(Dataset excerpts)
········

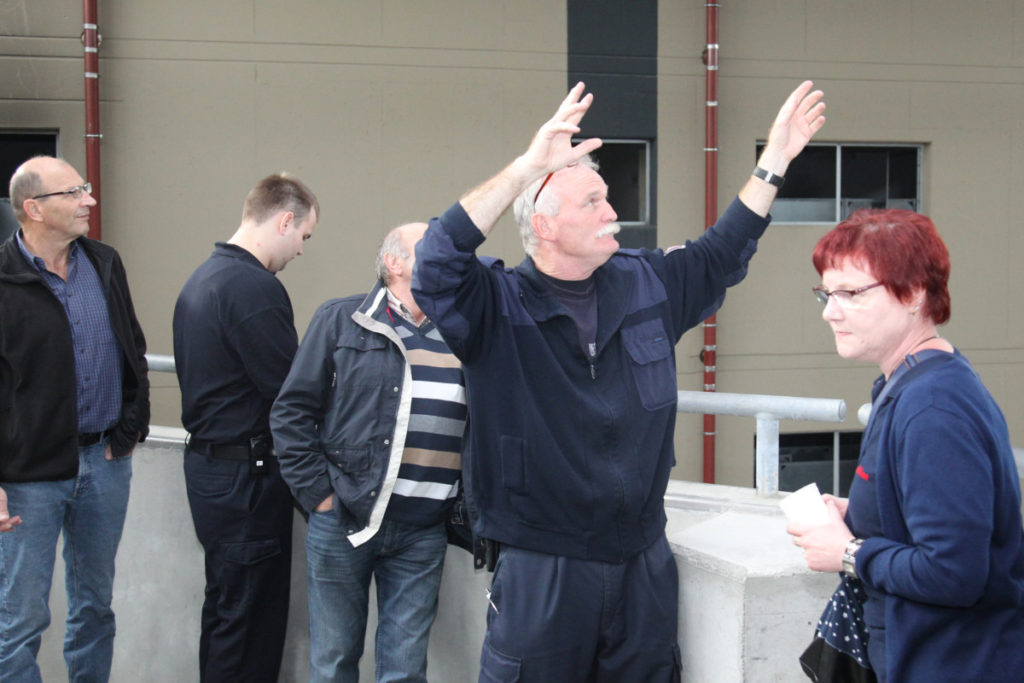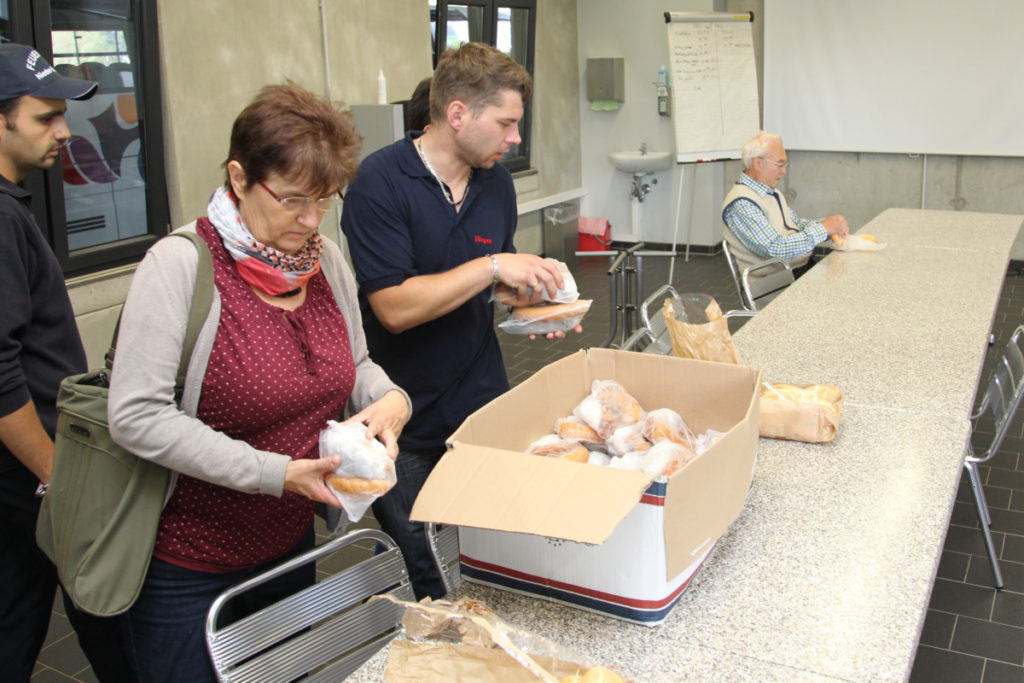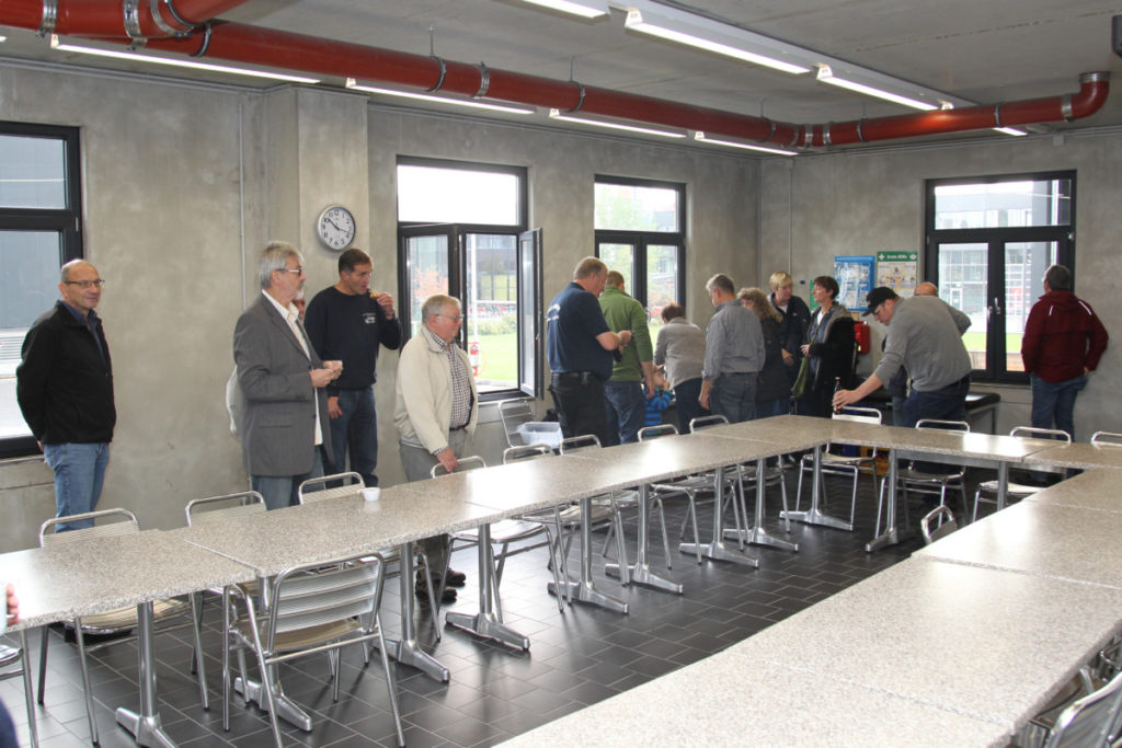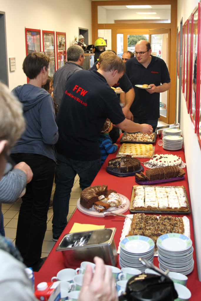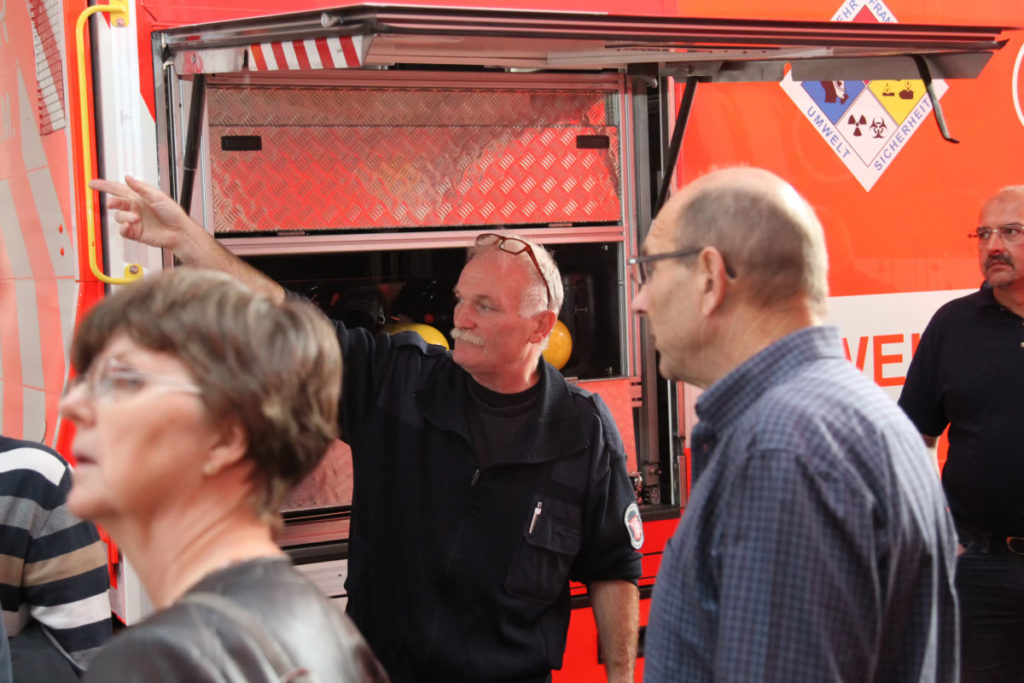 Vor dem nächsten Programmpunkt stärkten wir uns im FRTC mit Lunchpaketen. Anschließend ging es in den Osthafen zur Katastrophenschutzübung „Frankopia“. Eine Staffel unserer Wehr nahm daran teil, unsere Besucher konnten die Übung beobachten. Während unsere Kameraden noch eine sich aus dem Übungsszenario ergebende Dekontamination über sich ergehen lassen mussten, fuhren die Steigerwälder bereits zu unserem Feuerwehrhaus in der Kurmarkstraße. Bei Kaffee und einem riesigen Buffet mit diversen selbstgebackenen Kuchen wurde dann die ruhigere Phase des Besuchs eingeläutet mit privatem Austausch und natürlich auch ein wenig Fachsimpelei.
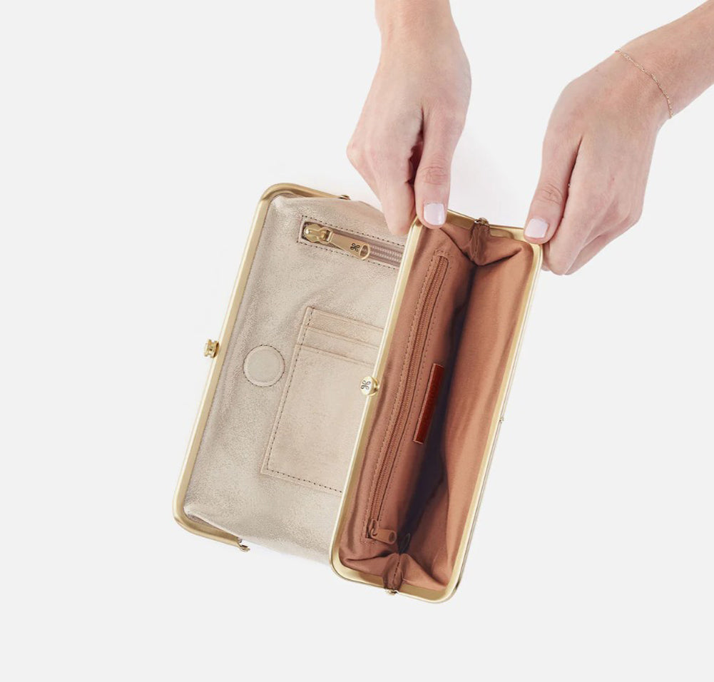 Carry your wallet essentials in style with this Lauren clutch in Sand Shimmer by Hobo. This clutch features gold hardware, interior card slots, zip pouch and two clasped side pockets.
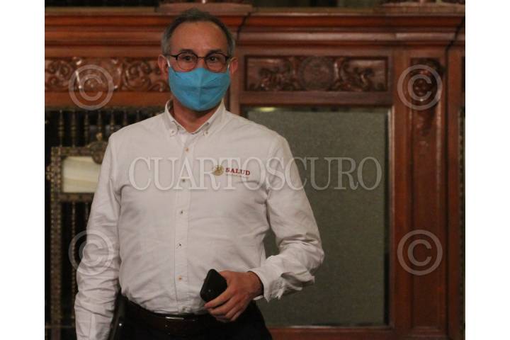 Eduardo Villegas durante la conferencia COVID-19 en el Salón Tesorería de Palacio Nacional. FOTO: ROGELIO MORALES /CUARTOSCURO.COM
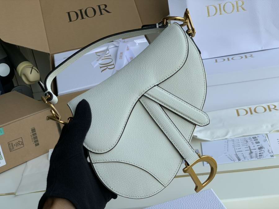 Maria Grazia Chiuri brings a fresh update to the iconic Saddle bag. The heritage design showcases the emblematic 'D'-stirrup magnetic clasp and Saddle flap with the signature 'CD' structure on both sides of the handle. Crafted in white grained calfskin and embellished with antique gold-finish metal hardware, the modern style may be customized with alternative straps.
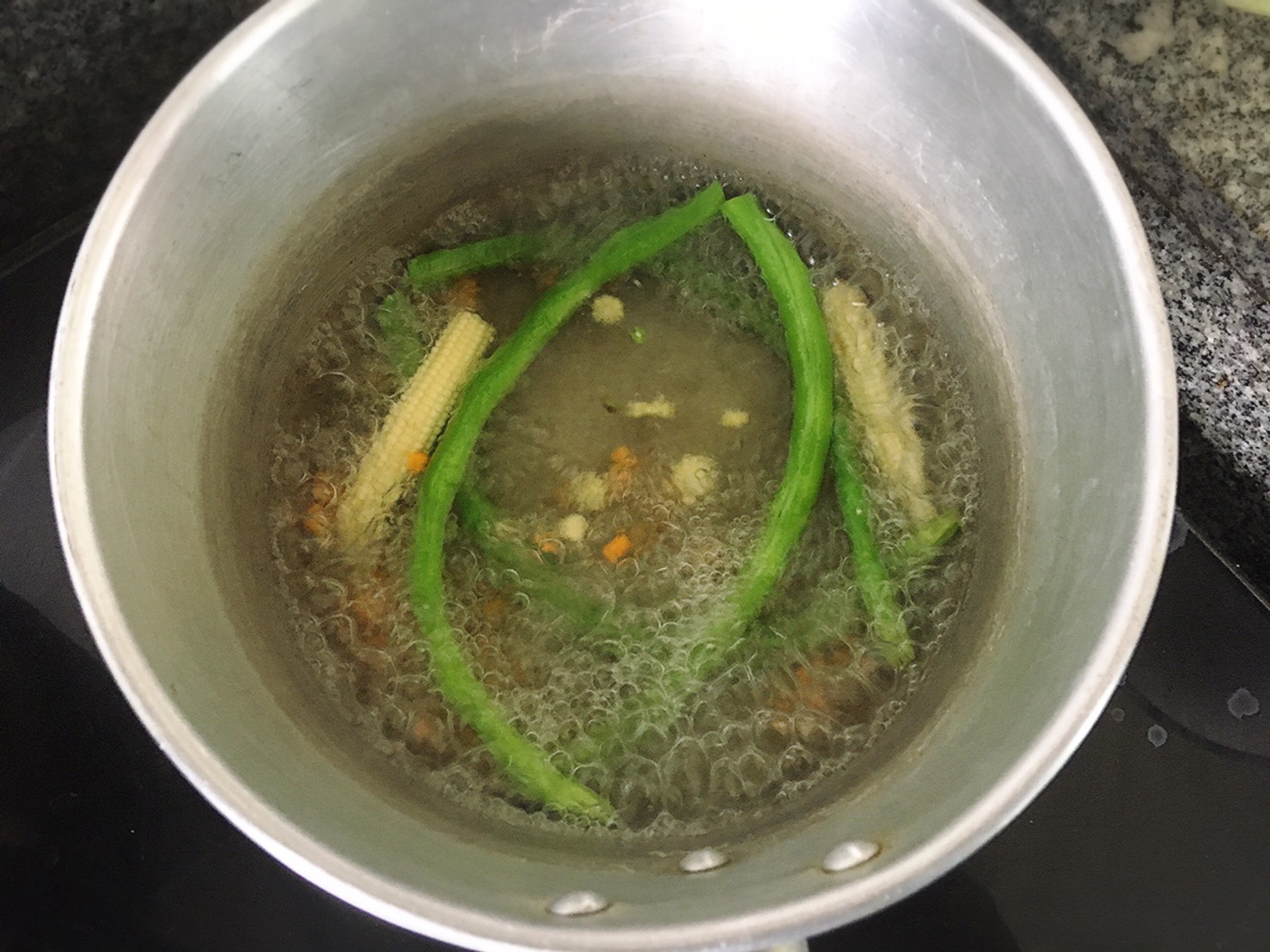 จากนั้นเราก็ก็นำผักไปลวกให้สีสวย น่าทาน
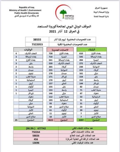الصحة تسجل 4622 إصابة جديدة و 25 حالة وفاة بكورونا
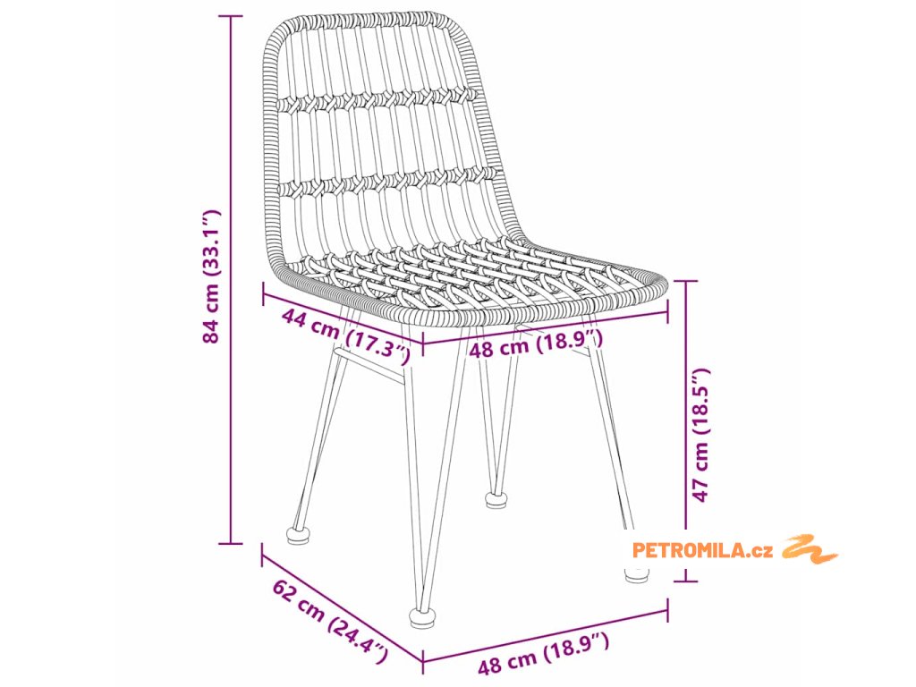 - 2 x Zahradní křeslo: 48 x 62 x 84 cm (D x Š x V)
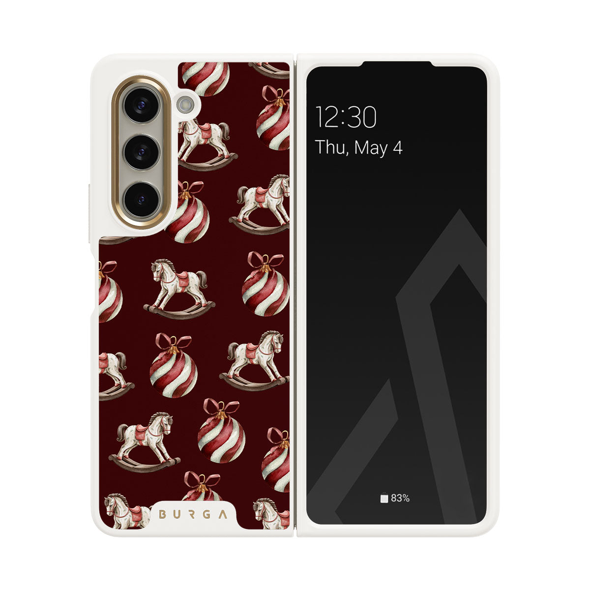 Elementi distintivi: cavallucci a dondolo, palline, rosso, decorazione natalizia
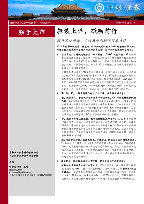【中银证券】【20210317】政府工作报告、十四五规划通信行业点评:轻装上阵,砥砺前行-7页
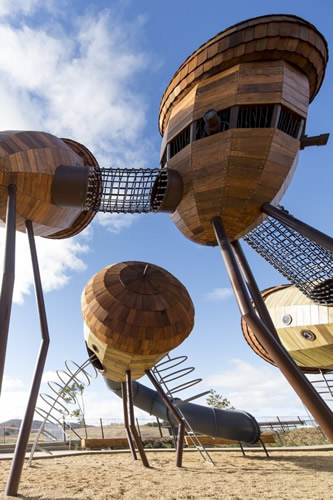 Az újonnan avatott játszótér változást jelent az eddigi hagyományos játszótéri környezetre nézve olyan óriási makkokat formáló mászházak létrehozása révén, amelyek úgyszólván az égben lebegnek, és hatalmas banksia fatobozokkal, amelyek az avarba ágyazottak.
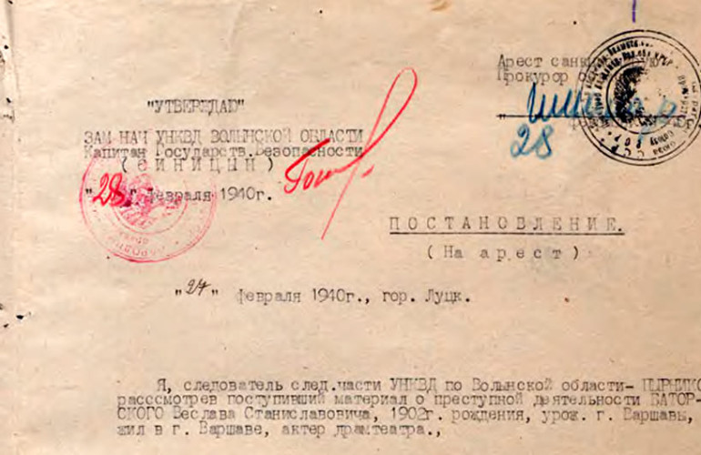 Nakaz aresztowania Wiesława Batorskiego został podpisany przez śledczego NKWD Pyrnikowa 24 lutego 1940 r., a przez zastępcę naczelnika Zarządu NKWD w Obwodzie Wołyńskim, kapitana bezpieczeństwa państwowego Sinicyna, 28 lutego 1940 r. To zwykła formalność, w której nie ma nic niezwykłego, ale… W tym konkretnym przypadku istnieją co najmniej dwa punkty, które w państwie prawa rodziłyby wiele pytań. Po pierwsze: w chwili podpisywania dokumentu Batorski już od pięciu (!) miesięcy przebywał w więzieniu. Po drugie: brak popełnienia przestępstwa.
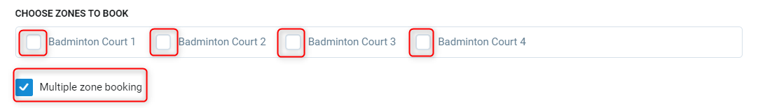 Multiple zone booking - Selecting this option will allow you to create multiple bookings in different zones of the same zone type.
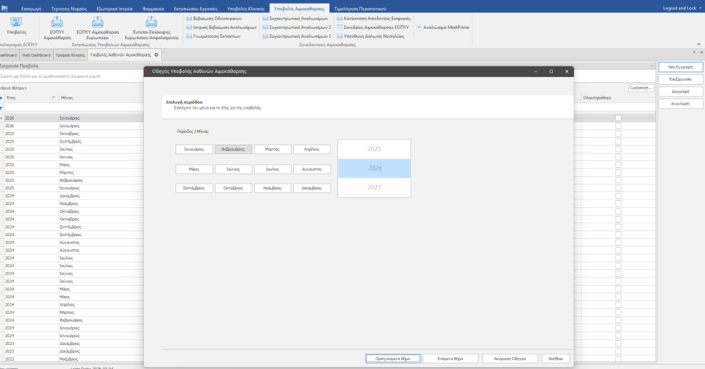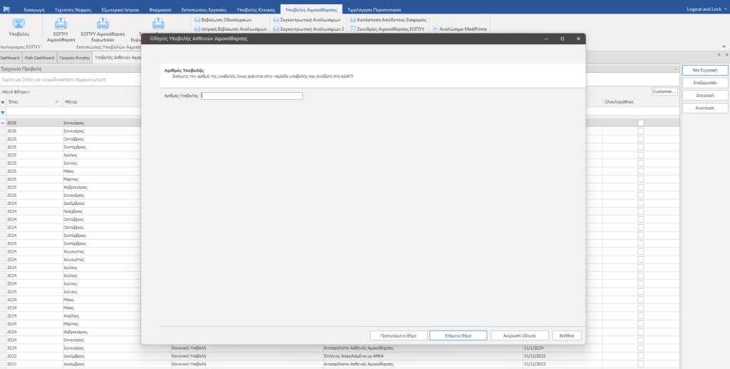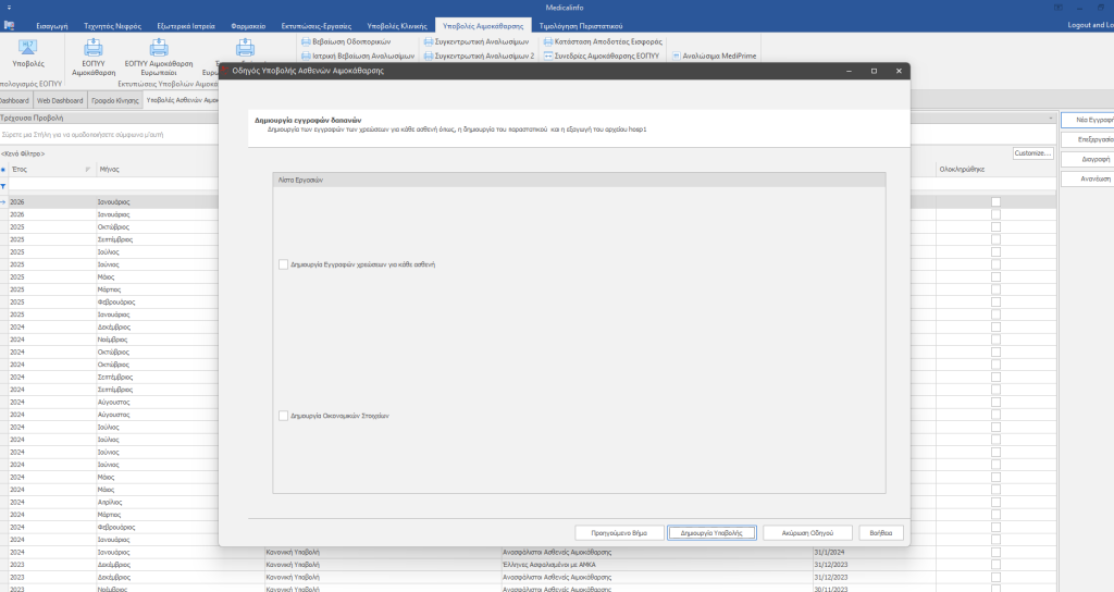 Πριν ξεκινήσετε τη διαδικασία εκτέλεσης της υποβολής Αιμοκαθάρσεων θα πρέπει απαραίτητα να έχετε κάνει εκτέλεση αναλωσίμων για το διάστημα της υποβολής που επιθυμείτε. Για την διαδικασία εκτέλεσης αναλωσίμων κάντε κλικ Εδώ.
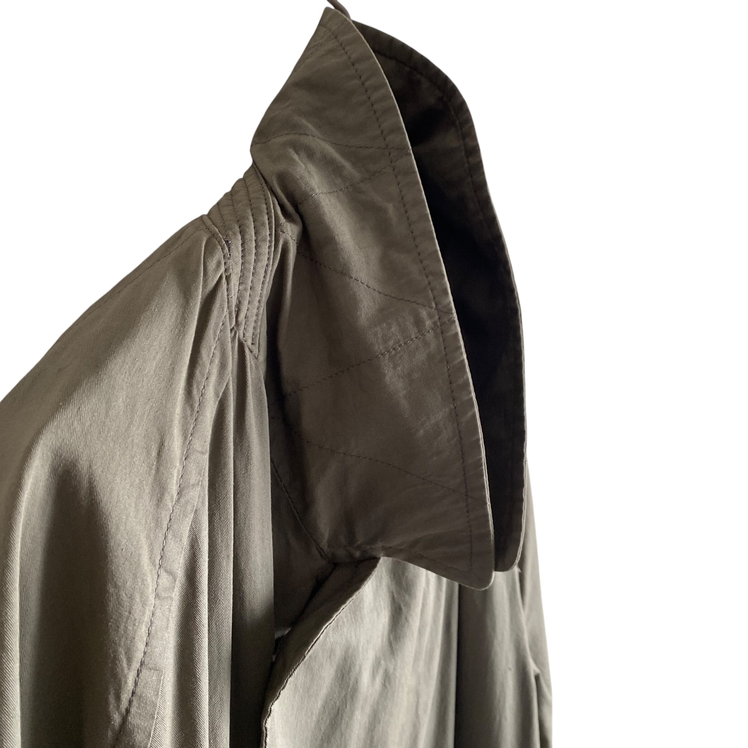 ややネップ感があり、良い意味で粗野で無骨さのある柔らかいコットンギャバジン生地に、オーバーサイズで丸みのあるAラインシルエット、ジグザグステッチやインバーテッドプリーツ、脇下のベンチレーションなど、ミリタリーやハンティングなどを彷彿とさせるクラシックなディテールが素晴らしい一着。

········

**TASK OBJECTIVE:** What you return must match the entries above exactly, apart from the pictures, which are left out.

**THE ANSWER:**
 Vor dem nächsten Programmpunkt stärkten wir uns im FRTC mit Lunchpaketen. Anschließend ging es in den Osthafen zur Katastrophenschutzübung „Frankopia“. Eine Staffel unserer Wehr nahm daran teil, unsere Besucher konnten die Übung beobachten. Während unsere Kameraden noch eine sich aus dem Übungsszenario ergebende Dekontamination über sich ergehen lassen mussten, fuhren die Steigerwälder bereits zu unserem Feuerwehrhaus in der Kurmarkstraße. Bei Kaffee und einem riesigen Buffet mit diversen selbstgebackenen Kuchen wurde dann die ruhigere Phase des Besuchs eingeläutet mit privatem Austausch und natürlich auch ein wenig Fachsimpelei.
 Carry your wallet essentials in style with this Lauren clutch in Sand Shimmer by Hobo. This clutch features gold hardware, interior card slots, zip pouch and two clasped side pockets.
 Eduardo Villegas durante la conferencia COVID-19 en el Salón Tesorería de Palacio Nacional. FOTO: ROGELIO MORALES /CUARTOSCURO.COM
 Maria Grazia Chiuri brings a fresh update to the iconic Saddle bag. The heritage design showcases the emblematic 'D'-stirrup magnetic clasp and Saddle flap with the signature 'CD' structure on both sides of the handle. Crafted in white grained calfskin and embellished with antique gold-finish metal hardware, the modern style may be customized with alternative straps.
 จากนั้นเราก็ก็นำผักไปลวกให้สีสวย น่าทาน
الصحة تسجل 4622 إصابة جديدة و 25 حالة وفاة بكورونا
 - 2 x Zahradní křeslo: 48 x 62 x 84 cm (D x Š x V)
 Elementi distintivi: cavallucci a dondolo, palline, rosso, decorazione natalizia
【中银证券】【20210317】政府工作报告、十四五规划通信行业点评:轻装上阵,砥砺前行-7页
 Az újonnan avatott játszótér változást jelent az eddigi hagyományos játszótéri környezetre nézve olyan óriási makkokat formáló mászházak létrehozása révén, amelyek úgyszólván az égben lebegnek, és hatalmas banksia fatobozokkal, amelyek az avarba ágyazottak.
 Nakaz aresztowania Wiesława Batorskiego został podpisany przez śledczego NKWD Pyrnikowa 24 lutego 1940 r., a przez zastępcę naczelnika Zarządu NKWD w Obwodzie Wołyńskim, kapitana bezpieczeństwa państwowego Sinicyna, 28 lutego 1940 r. To zwykła formalność, w której nie ma nic niezwykłego, ale… W tym konkretnym przypadku istnieją co najmniej dwa punkty, które w państwie prawa rodziłyby wiele pytań. Po pierwsze: w chwili podpisywania dokumentu Batorski już od pięciu (!) miesięcy przebywał w więzieniu. Po drugie: brak popełnienia przestępstwa.
 Multiple zone booking - Selecting this option will allow you to create multiple bookings in different zones of the same zone type.
 Πριν ξεκινήσετε τη διαδικασία εκτέλεσης της υποβολής Αιμοκαθάρσεων θα πρέπει απαραίτητα να έχετε κάνει εκτέλεση αναλωσίμων για το διάστημα της υποβολής που επιθυμείτε. Για την διαδικασία εκτέλεσης αναλωσίμων κάντε κλικ Εδώ.
 ややネップ感があり、良い意味で粗野で無骨さのある柔らかいコットンギャバジン生地に、オーバーサイズで丸みのあるAラインシルエット、ジグザグステッチやインバーテッドプリーツ、脇下のベンチレーションなど、ミリタリーやハンティングなどを彷彿とさせるクラシックなディテールが素晴らしい一着。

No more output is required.